Не зная всего этого, человек вошел за изгородь и остановился перед могильным камнем консула Т. Шредера, он снял шляпу, и буря подхватила его волосы. Волосы у человека были длинные, неухоженные, лицо в сумерках казалось белым, впалыми – щеки и обвисшими – уголки рта, он стоял, забывшись, погруженный в свои мысли. Зайдя в мыслях так далеко, что дальше пути не было, он с улыбкой отряхнул их и вдруг услышал, как буря идет верхами в кронах деревьев, гулко и глухо гудит в низких, колючих кустиках вокруг многочисленных камней. Еще одна ветка упала откуда-то сверху и с треском сломалась о плиты дорожки, а куски разлетелись далеко по сторонам. Человек провожал их глазами, покуда они разлетались, и вдруг его властно потянуло домой. Но если я сейчас вернусь домой, подумал он, мне нечего будет сказать, и я не смогу сидеть на стуле, не смогу читать газету, ибо все там написанное покажется мне лишенным смысла. Вот почему мне надо идти все дальше, и дальше, и дальше.

Человек уже изрядно устал, у него начали подгибаться колени, изгороди качались вверх и вниз, дома качались вверх и вниз, там и сям зажигались огни и качались вверх и вниз, взад и вперед между изгородями и домами. Вот я направляю свою ладью взад и вперед, в море и к берегу, подумал он, а кругом лежат дома, словно корабли, которые бросили якорь из-за бури. Утром они поднимут паруса и поплывут дальше, но ночью они для безопасности стали на якорь, и люди обходят их и проверяют, выдержат ли канаты и все ли обстоит так, как должно быть. Один из домов-кораблей называется «Вилла Эмма». У него красивая оснастка с маленькой башенкой, он украшен деревянной резьбой, и даже название «Вилла Эмма» до сих пор ясно выписано готическими буквами, хотя солнце и дождь немало потрудились над ним. Можно представить себе, что название написали однажды утром, когда у Эммы был день рождения, муж пришел к ней и с таинственным видом повел ее в сад, чтобы она сама увидела. Они постояли на лужайке, обнявшись, и вместе глядели на дом и на надпись, они были женаты семь лет, а теперь вот сподобились заиметь собственный дом. Немного спустя они отпраздновали на «Вилле Эмма» медную свадьбу; множество людей сидело молча и напряженно вокруг большого стола, а немного погодя все разом заговорили, перебивая друг друга. Один мужчина басом выкрикнул что-то, заглушая остальные голоса, в ответ раздался истошный женский визг. После стола все мужчины собрались в кучку и смеялись над чем-то, что рассказывал им муж Эммы, но на сей раз они смеялись приглушенно и озирались по сторонам. Только одного из гостей-мужчин не было рядом, он стоял в передней вместе с Эммой. «Не понимаю, о чем ты, – сказала она. – У меня самый лучший муж на свете». «Бесспорно, лучший на свете, – ответил тот. – И все же». – «Что все же?» – «Ничего, я просто сказал: «все же»…» Какое-то время они с улыбкой глядели друг на друга, потом она покачала головой. «Пойдем, – сказала она, – присоединимся к остальным». Немного спустя торжество кончилось, но в одном из окон «Виллы Эмма» всю ночь горел свет.

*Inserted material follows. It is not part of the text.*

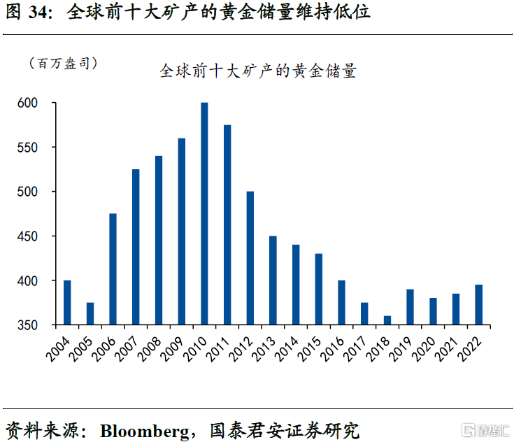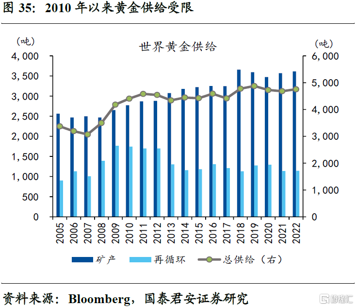 同时,黄金供给收缩、需求增长,进一步强化商品端的抗通胀属性。2010年以来,黄金再循环产量持续走低,尽管矿产量大幅增加,整体供给年均复合增速接近零。伴随着开采量的不断提升,全球前十大矿产的黄金储量较2010年顶峰时的6亿盎司,大幅回落至2022年的4亿盎司,这意味着新增产能持续受限。与此同时,投资、装饰等需求属性的持续彰显,使得黄金供需依然维持相对紧平衡。

С тех пор уже миновало много лет, и вот в ноябрьскую бурю человек в непромокаемом плаще проходит случайно мимо «Виллы Эмма». Она так нарядно выглядит со своей трогательной башенкой, в палисаднике сметена и закопана вокруг розовых кустов опавшая листва. В гостиной горит свет, но занавеси не задернуты, и можно заглянуть внутрь. Эммин муж там один, он даже не заметил, что за окном стемнело, поэтому его можно разглядывать в упор. Он сидит в углу, перед глазами держит газету, пиджака на нем нет, из-под нижнего края газеты выглядывает живот, потому что он расстегнул жилетку. Он сидит в некрасивой позе, широко раздвинув колени. На стене за его спиной висят картины, на них изображены деревья, и животные, и река, все очень тщательно выписано, совсем как в жизни, но, если спросить его, что нарисовано на картинах, он навряд ли вспомнит. Через десять минут он не сможет вспомнить, что читал в газете. А завтра он уходит в море.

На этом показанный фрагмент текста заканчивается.